Großes Suchtpotenzial. In vergangenen Jahrhunderten war „Laudanum“ als Schmerz- und Heilmittel für diverse Beschwerden sehr beliebt. Die negativen Folgen wurden aber lange Zeit unterschätzt. 

Text: Silke Ruprechtsberger

Als der Arzt und Naturforscher Theophrastus Bombastus von Hohenheim (1493–1541), besser bekannt unter dem Namen „Paracelsus“, aus neun Teilen Wein und einem Teil Opium sein „Laudanum“ zusammenmischte, glaubte er, ein Allheilmittel gefunden zu haben. Kein Wunder, dass er es großspurig „Stein der Unsterblichkeit“ nannte. 

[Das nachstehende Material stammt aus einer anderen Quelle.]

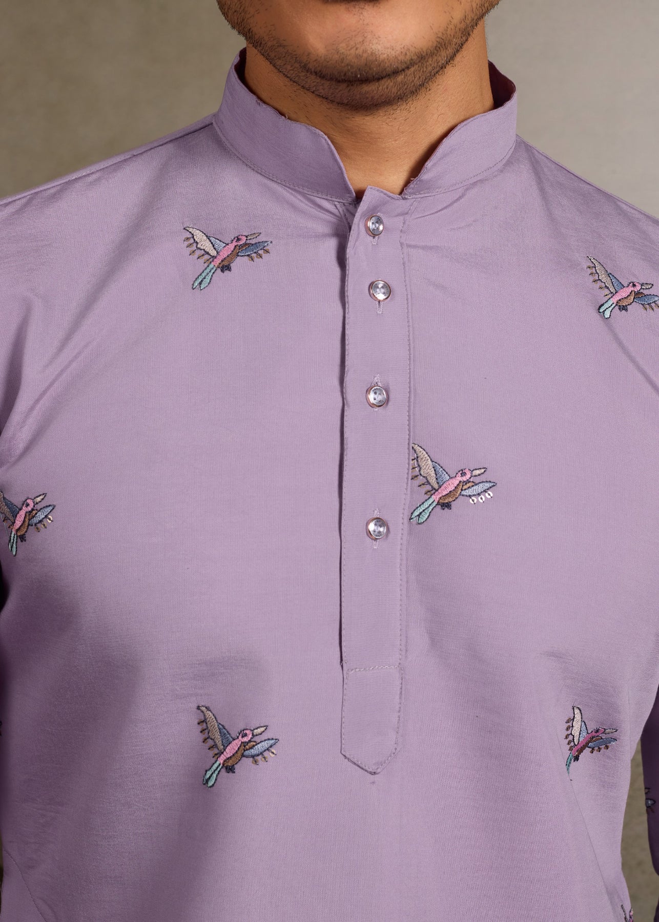 Step into subtle elegance with this lavender-hued ensemble, designed to blend traditional Indian menswear aesthetics with a modern, refined sensibility. The soft lavender tone offers a soothing, graceful presence — ideal for daytime events, festive gatherings, or even semi-formal celebrations. The paired kurta and pant set ensures a coordinated, polished look that requires minimal styling fuss.

Freilich wirkte die Tinktur alles andere als lebensverlängernd – dafür stillte es Schmerzen und wirkte beruhigend. Dazu war Laudanum preiswert und vielerorts neben den Apotheken auch beim Greißler um die Ecke erhältlich. Nicht zuletzt deshalb war Laudanum bis zum Opiatverbot Anfang des 20. Jahrhunderts in allen Gesellschaftsschichten Europas überaus populär und wurde eine Zeit lang auch als Synonym für Schmerzmittel verwendet. In Schriftsteller- und Künstlerkreisen kam es zur Belebung der Kreativität in Mode. Sogar quengelnde Kinder wurden damit bedenkenlos ruhiggestellt. 

Opiumtinktur wird aus dem getrockneten Milchsaft der unreifen Samenkapseln des Schlafmohns gewonnen. Ihre Zusammensetzung ist seit über 100 Jahren unverändert und im Europäischen Arzneibuch festgeschrieben. Das Opium wird in einer Mischung aus Alkohol (31–34 Vol%) und Wasser gelöst. Der Gehalt an den Wirkstoffen wie Morphin (1 %), Codein, Thebain, Noscapin (= Narcotin), Papaverin, Narcein und anderen ist in der Tinktur standardisiert.

„Alte, schreckliche Geliebte“
Erst im späten 19. Jahrhundert setzte ein Bewusstsein für die verheerenden Nebenwirkungen des Mittels ein. So bezeichnete der französische Dichter Charles Baudelaire (1821–1867) die Laudanum-Flasche in einem seiner Gedichte als „alte, schreckliche Geliebte“.

Wie beim historischen Laudanum wurde auch bei den synthetisch hergestellten, morphinähnlichen Schmerzstillern das enorme Suchtpotenzial lange Zeit unterschätzt. Schätzungen zufolge haben die USA seit dem Jahr 2000 durch die Opioid-Krise so viele Menschen verloren, wie für das Land im Zweiten Weltkrieg gefallen sind. Laut CDC, einer Behörde des amerikanischen Gesundheitsministeriums, sind von 1999 bis März 2021 über 840.000 Menschen an einer Drogenüberdosis verstorben – der größte Teil von ihnen war über verschriebene Schmerzmittel abhängig geworden. 

Laudanum
Die Wortherkunft ist nicht eindeutig geklärt. Viele Quellen verweisen auf lateinisch ladanum, die Bezeichnung für das Harz der Zistrose. Lateinisch laudare bedeutet wiederum „loben“. Möglicherweise hat Paracelsus bei der Namensgebung diese beiden Bedeutungen zu einem Begriff zusammengezogen.